本文从视觉感知机理出发,提出了层次化、多通道的视觉失真模型。将视觉失真分为信号层失真和内容层失真,内容层失真又分为纹理失真和结构失真。对这几类失真分别建模,以指导嵌入水印过程中的图像失真控制。为此,本文从四个方面展开研究:
第一,信号层失真。前人研究表明:在两幅图像的刺激下,如果复杂细胞的视觉皮层神经元保持响应相同,那么人脑难以察觉两幅图像之间的差异。据此,本文通过独立子空间分析来模拟神经元响应,提出借助具有能量无损特点的角度量化调制方式将水印嵌入到图像的独立子空间系数中。该方案一方面具有天然的低失真特点,另一方面得益于角度量化机制而能够抵御图像的亮度缩放攻击。
第二,图像的结构与纹理分解。结构和纹理是视觉信号特有的两类成分。结构体现为图像的大尺度的、连贯的边界和轮廓,它表达场景的概貌和景物的形态;纹理反映为零碎的、有规律或无规律的信号抖动区域或者平整的区域,它表现景物表面的质地和光影效果。区分图像的结构和纹理是讨论内容层失真的基础。本文依据稀疏编码原则,改进了基于基元竞争性表达的图像分解方法,以满足后续失真分析和水印算法的需要。
第三,纹理失真。图像纹理一直被认为是适合信息隐藏的区域。纹理感知的心理学研究和计算机图形学的纹理合成研究表明:特征的高阶统计量是纹理辨识的关键因素。然而在实践中,高阶统计量的非线性特性使得它难以作为失真度量指导水印嵌入。为此,本文采用统计特征设计了线性的失真度量近似方法,在其指导下嵌入水印,能够充分的提高水印嵌入强度,从而提高水印的容量。
第四,结构失真。正如几何攻击所展现,图像扭曲有时并不造成明显失真,这说明存在一个关于图像结构的无失真空间。利用这个空间可以辅助嵌入水印,并使水印具有抗合谋攻击的能力。结构感知的相关理论指出,人类对大范围结构信息的感知要优先于或者敏感于局部的结构信息。本文依据大尺度优先原则来定义图像的结构失真,并充分的扭曲图像,以达到嵌入水印的目的。
本文在提出的视觉失真理论的基础上,改进了图像水印算法的性能。图像水印被纳入到能量最小化的框架之下,成为了在不可见性和鲁棒性二者之间寻求平衡的双目标优化问题。该框架一方面兼顾了纹理失真和结构失真的约束,另一方面统一了扩频调制水印和量化调制水印。改进后的图像水印,既不易被察觉,又能够抵御压缩、滤波、亮度缩放以及合谋攻击,从而提高了水印容量。本文提出的视觉失真理论对于其它视觉创意应用也有指导意义。这些应用包括图像补全、融合、修复等编辑工作。

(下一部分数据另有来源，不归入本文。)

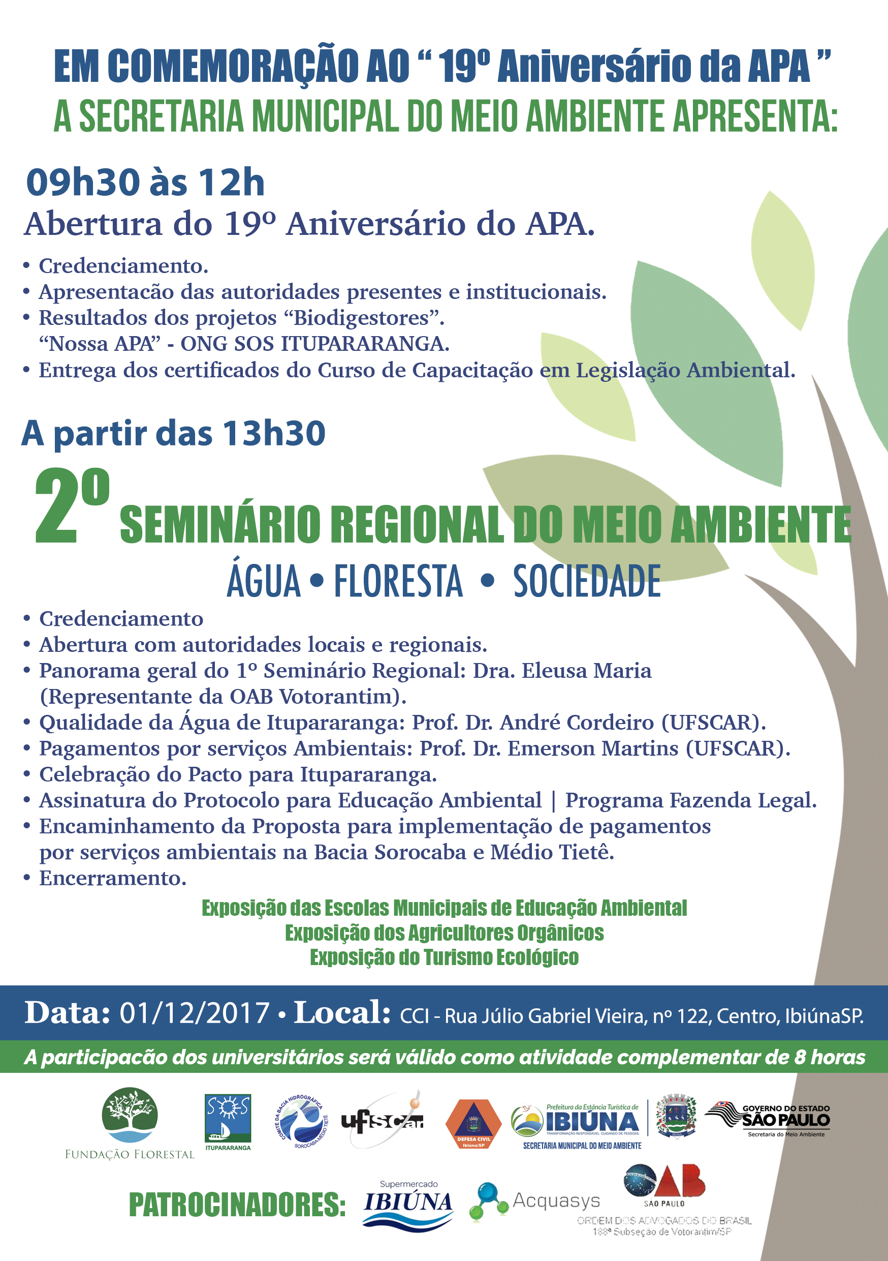 Descrição: 2° SEMINÁRIO REGIONAL DO MEIO AMBIENTE; 19° ANIVERSÁRIO DA APA ITUPARARANGA
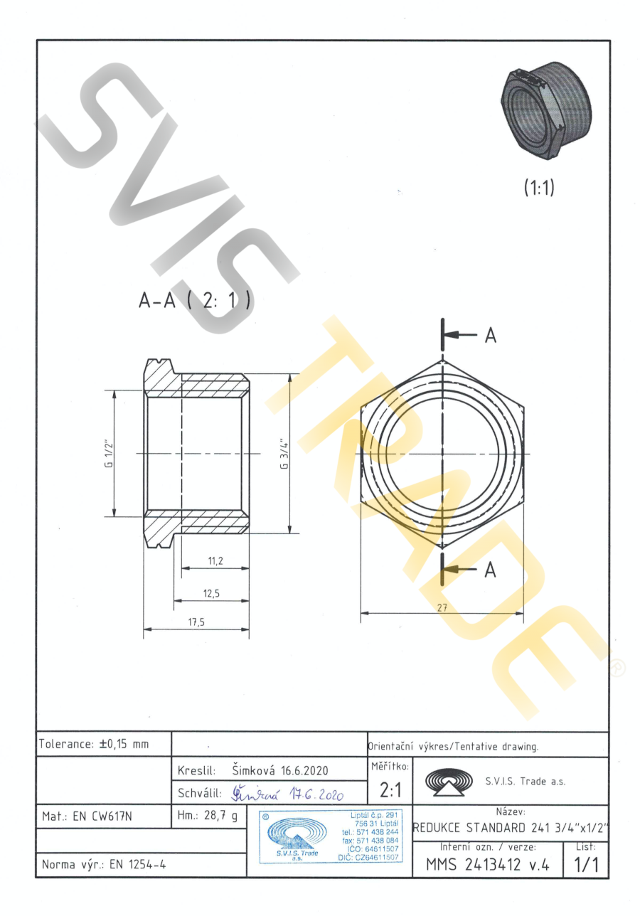 | Norme: | ČSN EN 10242, ČSN ISO 7-1 |

Data is ubiquitous in information society. Secure distribution and access of data become increasingly important. Information hiding, which can embed messages into cover works without arousing the attention from eavesdroppers or attackers, dose not increase the payload of communication, and hence is used for digital rights management, covert communication, error resilient and etc. Information hiding must satisfy the distortion constraint and seek a tradeoff between the invisibility and the robustness of watermark. Therefore, it is crucial for image-based-watermarking to determine a reasonable visual distortion constraint.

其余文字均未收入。